Seasonal temperatures for the past similar to 400 years reconstructed from diatom and chironomid assemblages in a high-altitude lake (Lej da la Tscheppa, Switzerland)

We analysed a 42 cm long sediment record from Lej da la Tscheppa, a high-altitude lake (2,616 m a.s.l.) in the Upper Engadine valley (Switzerland) for subfossil diatoms, chironomids and pollen. The chronology of the top 21 cm of the record was established using (210)Pb analysis using a constant-rate-of-supply model, and validated with (137)Cs measurements and the content of spheroidal carbonaceous particles. A tentative chronology for the lower part of the core was obtained through extrapolation of the sedimentation rates in the uppermost part of the record. Pollen assemblages in the record reflect regional changes in forestation and land-use patterns in the Upper Engadine valley and show no evidence of significant local human activity in the lake's catchment. Diatom assemblages record a distinct increase in planktonic taxa since the early 19th century, suggesting a decrease in the duration of ice-cover. In contrast, chironomid assemblages remained stable during a large part of the record. We applied an established chironomid-based July air temperature transfer function and a newly developed diatom-based spring air temperature transfer function to reconstruct past seasonal air temperature changes at Lej da la Tscheppa.

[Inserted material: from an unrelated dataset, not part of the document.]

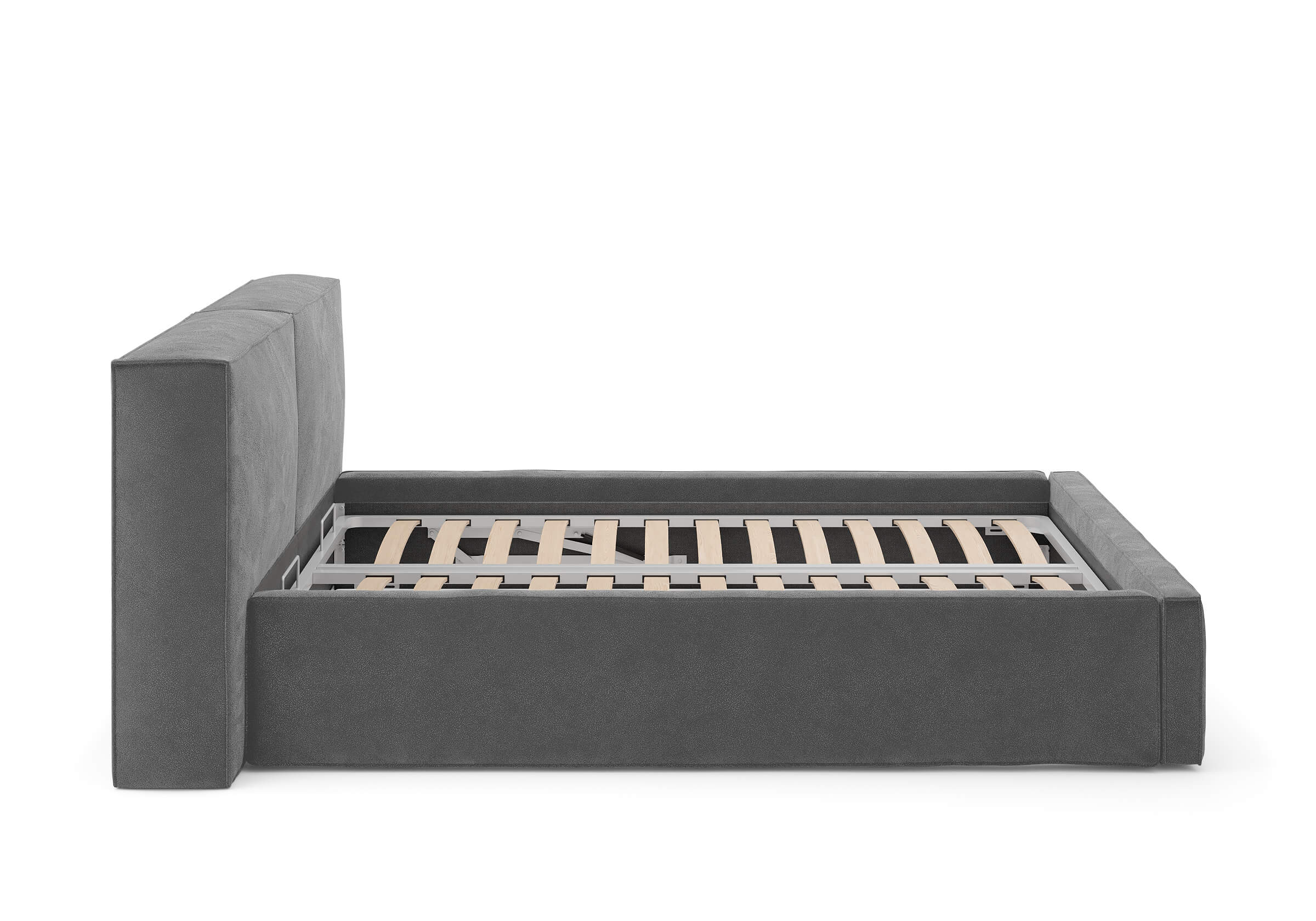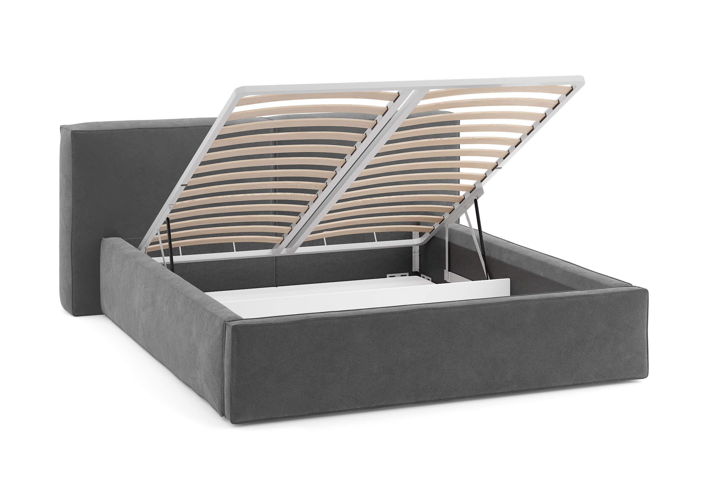 Возможна установка подъемного механизма с вместительным бельевым ящиком. Дно бельевого ящика легко сдвигается для обеспечения уборки под кроватью.

The reconstructions indicate a diatom-inferred warming trend in spring temperatures during the past ca. 400 years, whereas chironomid-inferred summer temperatures suggest a slight cooling trend. These biota-based reconstructions are in good agreement with the centennial-scale temperature trend in an independent reconstruction of regional temperatures in the Upper Engadine region based on instrumental records and documentary proxy evidence from the Alps. Our results suggest that, in high-altitude lakes, independent chironomid- and diatom-based seasonal temperature reconstruction is possible and can be successfully used to track seasonal temperature trends.